I agree. It happens a lot. Same in Self Publishing Formula group. Dawson states no self promotion but yet he promotes his books lol. Double standards. But hey it's his house so i have no beef with it.



NeedWant said:


> Since she's one of his ARC readers, it felt more like an advertisement than a simple recommendation.





Betsy the Quilter said:


> (Although, if received as an ARC, that should have been made clear.)


But yes it should have been stated that Colleen had received an ARC. That kind of changes the promotional tone of this.

Anyway, back to creating books that i can promote on here in sneaky ways  (Joke mod, i abide by all rules )


----------



## AmpersandBookInteriors (Feb 10, 2012)

Thanks for all of the support for those not wanting this moved, and I'm very happy do hear from everyone who appreciated hearing about it! 

Note about the ARC status: I grabbed the original ARC when Chris offered it, but I didn't actually read it until after release because I'm a lazy dork.
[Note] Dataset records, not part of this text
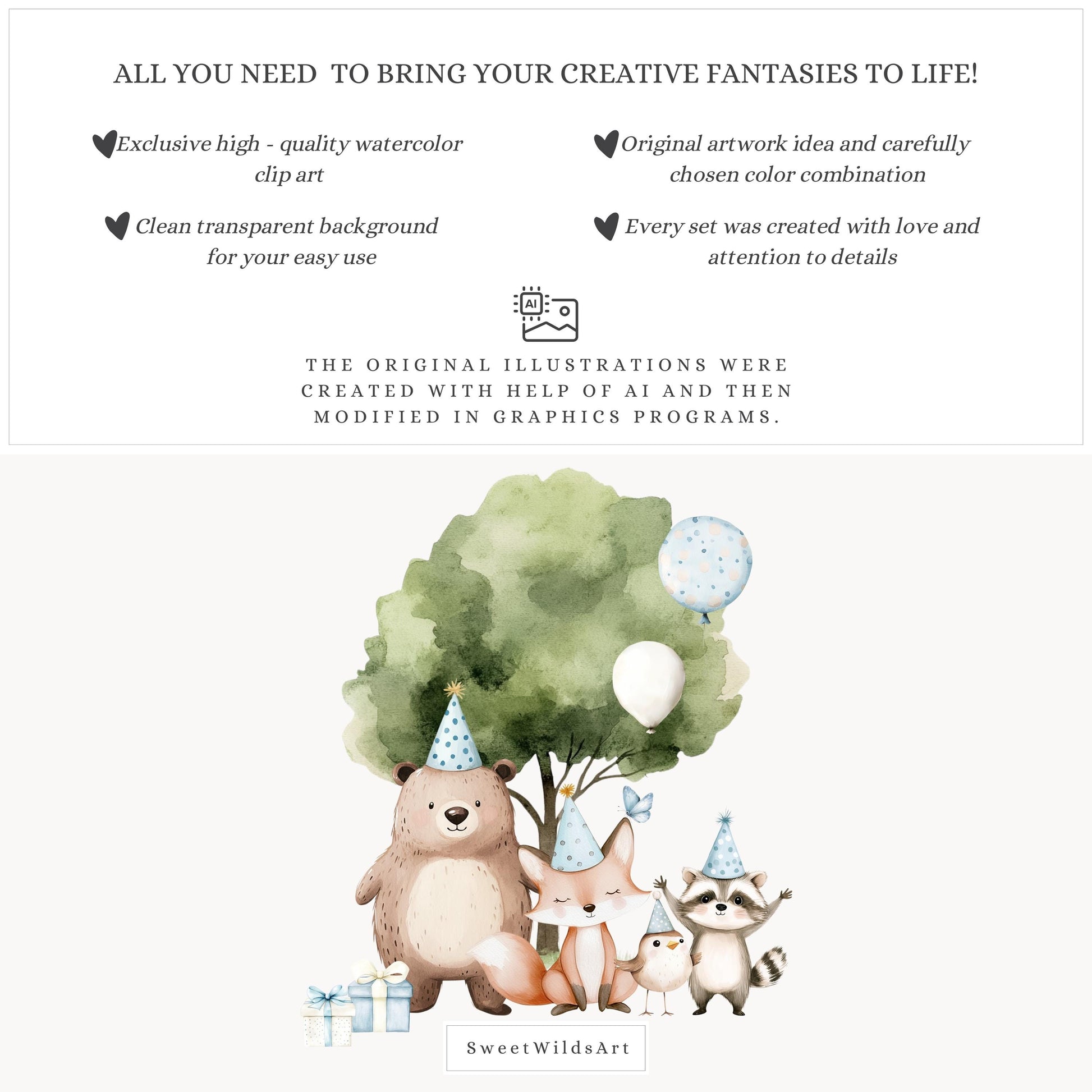 Bring your story to life with the Birthday Friends clipart set — a curated selection of watercolor illustrations designed for creative freedom and visual charm. Perfect for everything from digital stickers to paper goods.
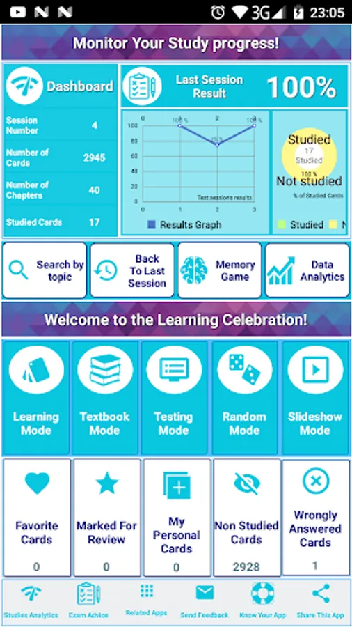 - Six study Modes (learning mode, handout mode, test mode with MCQs, slideshow mode, random mode & Game Memory mode)
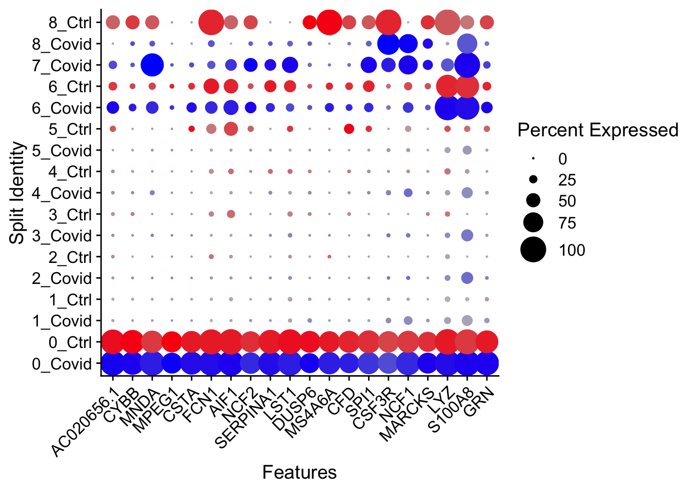Si un gen aparece con puntos grandes y coloreados en ambos grupos (Control y Covid), significa que es un marcador conservado: se expresa de manera robusta en ese cluster sin importar la condición.
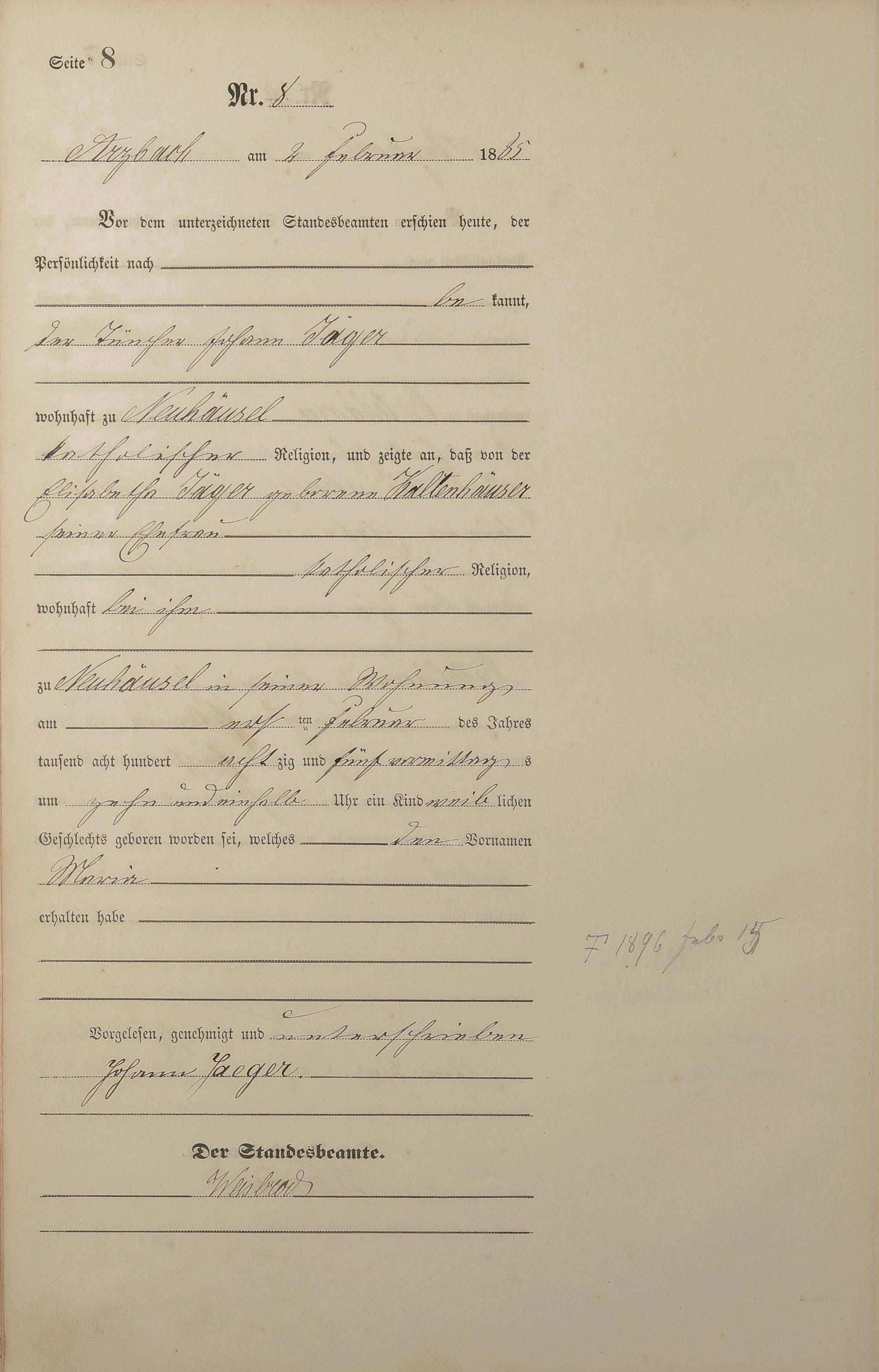 Geburtsregister 1885
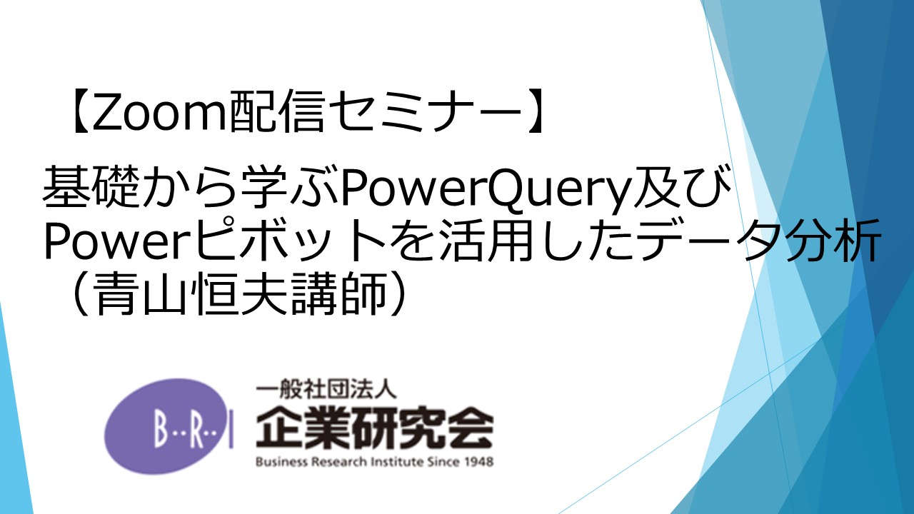 【開催にあたって】 今回はモダンExcelと称されるPowerQueryおよびPowerピボットの解説と演習セミナーを行います。 PowerQueryでファイルの加工や修正を行い、Powerピボットで読込み、ピボット展開して、複数ファイルの任意のデータ項目を組み合わせてデータ分析可視化を行うことができます。 しかも新たなツールの導入なしに、皆様がお持ちのExcelで行うことができるという大きなメリットがあります。そのようなPowerQueryおよびPowerピボットを解説と演習を取り混ぜながら習得して頂きます。 なお、PowerQueryについてその特徴がわかる動画を作成し、Youtubeに限定公開しておきましたので、ぜひご覧ください。 https://youtu.be/9TSn0DfAIAU
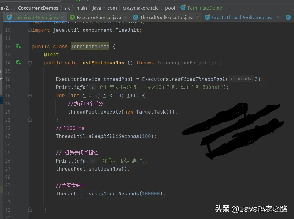 (2)shutdownNow方法:暴力关闭线程池
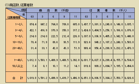 小売業の状況を示すデータとして、経済産業省「商業統計表」による『(従業者規模別)小売業の商店数、従業員数、販売額』の資料がある。《表1》 昭和63年と平成11年を比較すると、全体傾向では"商店数"が90%を割っているが、"従業者数"、"年間販売額"が堅実に増加している。また、"1人当たり販売額"も改善されている。
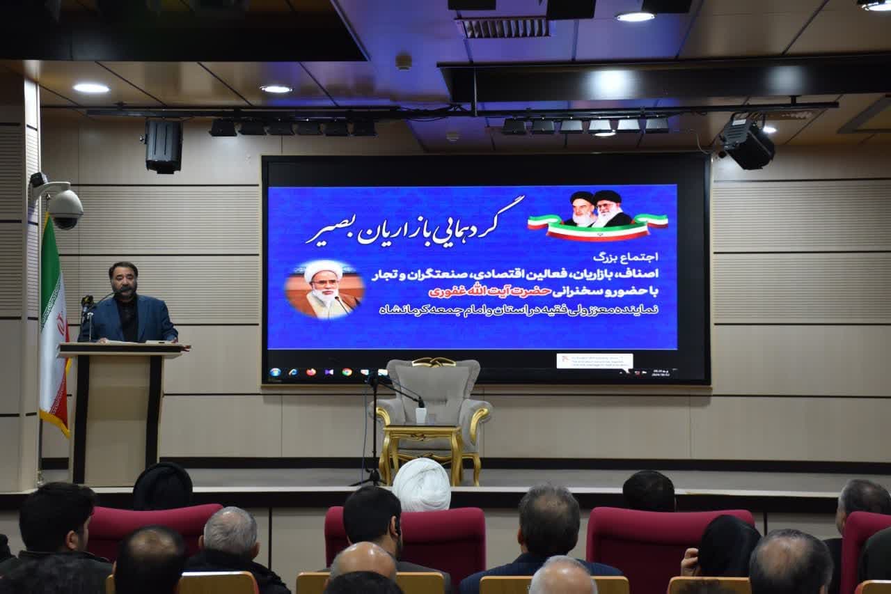 در این مراسم، آیتالله غفوری، نماینده محترم ولی فقیه در استان کرمانشاه و امام جمعه معزز این شهر، ضمن اشاره به اهمیت اقتصاد مقاومتی به عنوان یکی از راهبردهای اصلی کشور برای مقابله با فشارهای اقتصادی خارجی، اظهار داشت: «اقتصاد مقاومتی، یک الگوی نجاتبخش برای عبور از وابستگی و حرکت به سوی خودکفایی واقعی است که باید توسط همه بخشهای اقتصادی و تولیدی کشور جدی گرفته شود.»
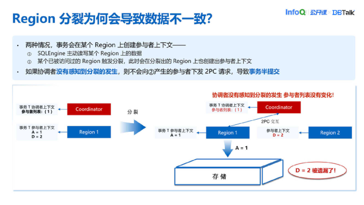 这里举个例子,用户 A 想向用户 D 转账 10 块钱,可能分裂之前 Region1 其实是存储了两部分数据,分别是 A 少了 10 块钱跟 D 多了 10 块钱。但是当分裂发生之后 A 少了 10 块钱是属于 Region1 的,而 D 多了 10 块钱是属于 Region2 的,这两部分数据是分摊到了两个 Region 上面。如果说协调者没有感知到这次分裂的发生,就会只向 Region1 下发 2PC 请求,最后提交的时候只有 Region1A 少了 10 块钱的数据,而 D 多了 10 块钱的数据并没有被落盘。因此最终呈现的效果是 A 的余额变成了 90 块钱,D 的余额并没有变,这样算下来 A 跟 D 的金额总数是 190,少了 10 块钱,这样就导致了数据的不一致。
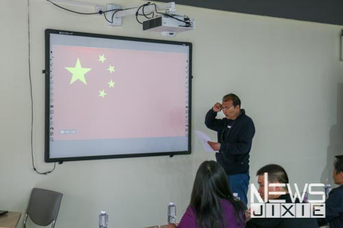 活动伊始,新疆维吾尔自治区教育厅内地新疆学生工作办公室的内派老师艾尼瓦尔握着右拳向国旗庄严宣誓,给大家树立了一个忠党爱党、忠国爱国的榜样形象。
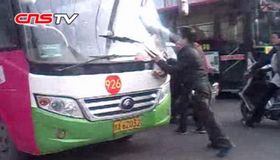 拍客:公交車刮蹭行人 街頭大鬧堵車
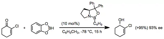 With borane or catecholborane as the stoichiometric reducing agent, chiral oxazaborolidine catalysts may be used to reduce ketones enantioselectively. Catecholborane may be used as an alternative to solutions of borane-Lewis base adducts.[10]

Second: like I said in my review, I'm also one of those jerks who finds fault with everything, but I didn't here, which is why I was so excited. I also like Chris a lot as a person, but we don't have long talks on the phone every night, here. I'd safely say our level of direct contact treads the friend-friendly acquaintance line.

Anyway, I'm going to be more thoroughly filling out the exercises in the book tonight. Looking forward to getting more organized with my partner's relaunch as we get close to the wire 

Third note: I'm fairly confused as to why telling people about a book I think will be useful to other authors is somehow Mr. Fox promoting through me on purpose. He had no idea I was going to write this post. I did this 100% of my own accord with no forewarning. This is just weird, I've never seen people act like this with relevant author resource suggestions on WC. 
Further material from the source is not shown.